Try to stay on the page, candidates. Who uses a teleprompter and who doesn't is not a campaign issue. America doesn't care.
What is this obsession Newt Gingrich and now Rick Santorum have about delivering a speech without notes?
Does winging-it make them more butch?
Is there something un-American, or perhaps even dishonest, about a presidential candidate who reads his speech off a rolling prompter invisible to his audience?
Apparently. At least in Santorum's eyes.
Over the weekend, speaking to a gathering in Gulfport, Miss., the former U.S. senator from Pennsylvania intimated that speechwriters are the enemy of truth, and he said that presidential candidates should be prohibited from using teleprompters.
Ive always believed that when you run for president of the United States, he said, it should be illegal to read off a teleprompter, because all youre doing is reading someone elses words to people.
He explained himself this way: Youre voting for someone who is going to be the leader of our government. Its important for you to understand who that person is in their own words, see them, look them in the eye. .?.?. Youre choosing a leader. A leader isnt just about whats written on a piece of paper.
True.

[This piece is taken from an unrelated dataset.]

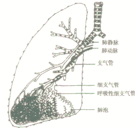 支气管入肺后反复分支,愈分愈细,形成许多树枝状的分支,这甚分支的结构与气管相似,但随其管径变小,管壁变薄,软骨环逐渐变小,平滑肌则相对地逐渐增加。分支到细支气管口(口径在1毫米以下的小管)时,管壁的软骨环消失,管壁几乎全部由平滑肌构成,它的收缩和舒张影响着细支气管口径的大小。从而控制进出肺内的气体量。细支气管再分支到呼吸性细支气管时,其管壁的某些部位向外突出,形成肺泡。因此,肺内含有大量的肺泡.

But neither is a leader about talking to the nation off the top of his head.
It's doubtful that Santorum's unfiltered, mostly rambling off-the-cuff speeches won the Alabama and Mississippi GOP primaries for him on Tuesday. From what I can see, it was his heart-of-Dixie appeal that won the day -- his strong social-conservative agenda and his promise of economic prosperity. See "Rick Santorum Wins Close Battles in Alabama and Mississippi."
History will bear me out here: Santorum as a presidential candidate stands pretty much alone in his disdain for speechwriters and his low regard for discipline in communication.

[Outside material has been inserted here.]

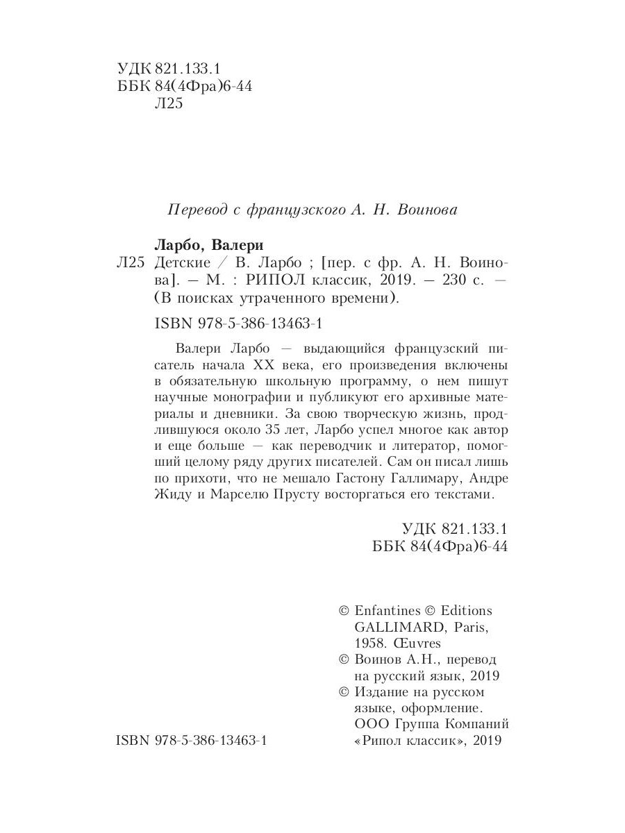 Валери Ларбо - выдающийся французский писатель начала XX века, его произведения включены в обязательную школьную программу, о нем пишут научные монографии и публикуют его архивные материалы и дневники. За свою творческую жизнь, продлившуюся около 35 лет, Ларбо успел многое как автор и еще больше - как переводчик и литератор, помогший целому ряду других писателей. Сам он писал лишь по прихоти, что не мешало Гастону Галлимару, Андре Жиду и Марселю Прусту восторгаться его текстами.| Издательство | Рипол Классик |

With the possible exception of Abraham Lincoln, no American president since George Washington could finely craft his own policy, deliver it in a speech with conviction and inspire a nation -- at least, not without help from professionals. Not even the verbose Bill Clinton could do it.
Ronald Reagan, the president Santorum most admires, had a stable of half a dozen wordsmiths. Emmet J. Hughes was the voice behind Dwight D. Eisenhower; Ted Sorensen, behind John F. Kennedy.
Let's say Santorum wins the primary and wins the presidency in November. No matter how much he longs to be a do-it-yourself, speech-writing president, it would be virtually impossible. Television has made it so. Herbert Hoover, for example, made an average of around eight public appearances per month; Clinton made 28. Clinton's speeches -- and yes, he was given to ad-libbing in the middle of them -- had to come from somewhere.
It's difficult for me to understand how any modern president can be successful without an appreciation of the importance of communication. The best presidents have a strong sense of when and how to communicate with the public -- and know how to use speechwriters to best achieve that goal. Reagan was a master of the game.
True, Gingrich was the first to diss the teleprompter -- which, by the way, is nothing more than an aid in delivering a smooth television speech. But Gingrich's teleprompter mention was lightning years more understandable than Santorum's.
In November 2011, when the former speaker of the House -- a gold-medal debate whiz -- was a front-runner in the presidential race, he wanted to point out that he could go toe to toe with silver-tongued Barack Obama any day of the week. After challenging the president to a series of live debates, he used Obama's well-publicized reliance on teleprompters to say, in other words, Hey, I'm electable because in a debate, I can sink you like a bucket.
What Gingrich actually said is this: "If (the president) wants to use a teleprompter (in the debates), then it would be fine with me." Following cheers and laughter, he added, "It has to be fair. If you [were] to defend Obamacare, wouldn't you want a teleprompter?"
I hope Santorum thinks through his disdain for speechwriters and teleprompters and realizes that spontaneity isn't synonymous with honesty.
It is, after all, the president who has ownership of his speeches, no matter how many writers are involved or how many teleprompters. It is the president who gives the speech and lends his office's authority to its words. He's the one who gets credit or approbation for what he says.